AP Calculus BC Score Calculator
Section I: Multiple Choice
Section II: Free Response
Understanding AP Calculus BC Scoring
AP Calculus BC is scored similarly to AB but with different content and curve adjustments. The exam includes all AP Calculus AB topics plus additional BC-only content (parametric equations, polar coordinates, vectors, and series). Students receive both a BC score (1-5) and an AB subscore (1-5) indicating their performance on AB topics within the BC exam. The scoring structure maintains the 50-50 split between multiple-choice and free-response sections.
AP Calculus BC Score Calculation Formula
Raw Score Calculation
Multiple Choice Raw Score:
\[ \text{MC Raw Score} = \text{Number Correct} \times 1.2 \]
45 questions × 1.2 multiplier = 54 points maximum
Free Response Raw Score:
\[ \text{FRQ Raw Score} = \sum_{i=1}^{6} \text{Points}_i \]
6 questions × 9 points each = 54 points maximum
Composite Score:
\[ \text{Composite Score} = \text{MC Raw} + \text{FRQ Raw} \]
Maximum: 54 + 54 = 108 points
AB Subscore Calculation
The AB subscore reflects performance on AB-level content within the BC exam:
\[ \text{AB Subscore Composite} = \text{AB-related MC} + \text{AB-related FRQ} \]
College Board identifies which questions test AB vs. BC-only topics and calculates a separate composite score, then converts to the AB subscore (1-5).

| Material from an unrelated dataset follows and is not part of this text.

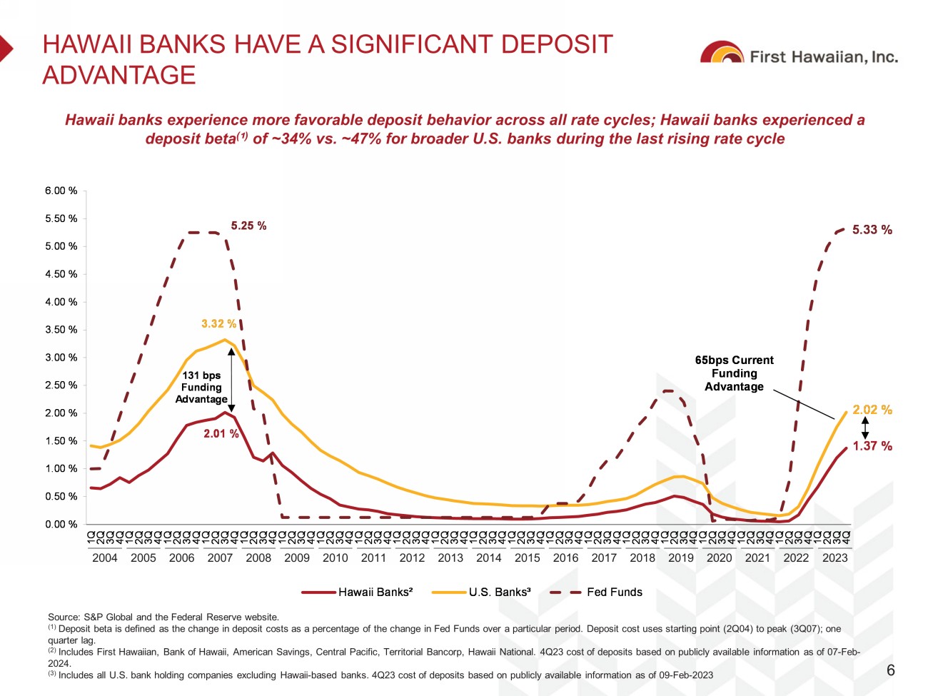 HAWAII BANKING MARKET DOMINATED BY LOCAL BANKS 5 The top 4 banks account for ~93% of deposits (2) Sources: FDIC, SEC and company filings. Company filings and public information used for peers where available, otherwise reg ula tory data used. Note: Financial data as of 31 - Dec - 2023. (1) ROATCE (return on average tangible common equity) and ROATA (return on average tangible assets) are non - GAAP financial measures. Reconciliations to the comparable FHB GAAP measures are provided in the appendix. (2) Deposit market share based on FDIC data as of 30 - Jun - 2023 Branches 50 51 35 27 FTEs 2,089 1,899 968 720 Assets ($bn) 24.9 23.7 9.7 7.6 Loans ($bn) 14.4 14.0 6.2 5.4 Deposits ($bn) 21.3 21.1 8.1 6.8 2023 ROATCE (1) 17.4% 14.3% 13.2% 12.4% 2023 ROATA (1) 0.99% 0.72% 0.55% 0.78% Loan Portfolio Deposit Portfolio Hawaii Deposits 2 Balance ($bn) $19.4 $19.4 $8.2 $6.8 Share 33.5% 33.5% 14.2% 11.8 % Commercial Commercial RE Residential RE Consumer & Other Transaction Accounts Savings / MMDA Time Deposits 11% 15% 36% 30% 9% 12% 29% 34% 16% 5 % 11% 26% 48% 10% 12% 11% 29% 35% 13% 16% 36% 48% 14% 47% 39% 8% 79% 13% 21% 47% 32% 8% HELOC

AP Calculus BC Score Conversion Table
| Composite Score Range | AP BC Score | Description | College Credit | % of Students |
|---|---|---|---|---|
| 65-108 | 5 | Extremely Well Qualified | Calc I & II credit | ~40% |
| 54-64 | 4 | Well Qualified | Calc I & often II | ~18% |
| 42-53 | 3 | Qualified | Calc I credit | ~20% |
| 30-41 | 2 | Possibly Qualified | Rarely grants credit | ~14% |
| 0-29 | 1 | No Recommendation | No credit | ~8% |
BC vs. AB: Key Differences
| Aspect | AP Calculus BC | AP Calculus AB |
|---|---|---|
| Content Coverage | All AB topics + series, parametric, polar, vectors | Limits, derivatives, integrals, differential equations |
| College Equivalent | Calculus I & II (2 semesters) | Calculus I (1 semester) |
| Score Distribution | ~40% earn 5s | ~20% earn 5s |
| Difficulty | More content, faster pace | Fewer topics, deeper focus |
| Typical Students | Strong math backgrounds, accelerated | Standard calculus preparation |
| Score for 5 | ~60-65% correct | ~63-65% correct |
| AB Subscore | Yes - included automatically | N/A |
What Score Do You Need?
| Target BC Score | Minimum Composite | MC Questions Needed | FRQ Points Needed | Percentage |
|---|---|---|---|---|
| 5 | ~65/108 | ~27/45 (60%) | ~32/54 (59%) | 60% |
| 4 | ~54/108 | ~23/45 (51%) | ~27/54 (50%) | 50% |
| 3 | ~42/108 | ~18/45 (40%) | ~21/54 (39%) | 39% |
| 2 | ~30/108 | ~13/45 (29%) | ~15/54 (28%) | 28% |
AP Calculus BC Topic Coverage
| Unit | Topic | Exam Weight | BC-Only Content |
|---|---|---|---|
| Units 1-8 | All AB Content | ~60% | No (AB subscore based on these) |
| Unit 9 | Parametric Equations, Polar Coordinates, Vector-Valued Functions | 11-12% | Yes - BC only |
| Unit 10 | Infinite Sequences and Series | 17-18% | Yes - BC only |
| Key BC Topics: Taylor/Maclaurin series, convergence tests, parametric derivatives, polar area, arc length | |||
Worked Examples
Example 1: High BC Score with Strong Performance
Multiple Choice:
- Part A (No Calculator): 27/30 correct
- Part B (Calculator): 14/15 correct
- Total MC: 41/45 correct
MC Raw Score: 41 × 1.2 = 49.2 points
Free Response:
- Q1: 8/9, Q2: 7/9, Q3: 8/9
- Q4: 7/9, Q5: 8/9, Q6: 7/9
- Total FRQ: 45/54 points
Composite Score: 49.2 + 45 = 94.2 ≈ 94
Final BC Score: 5 (Extremely Well Qualified)
Likely AB Subscore: 5
Example 2: Solid BC Performance
Multiple Choice: 28/45 correct
MC Raw Score: 28 × 1.2 = 33.6 points
Free Response: 32/54 points
Composite Score: 33.6 + 32 = 65.6 ≈ 66
Final BC Score: 5 (Extremely Well Qualified)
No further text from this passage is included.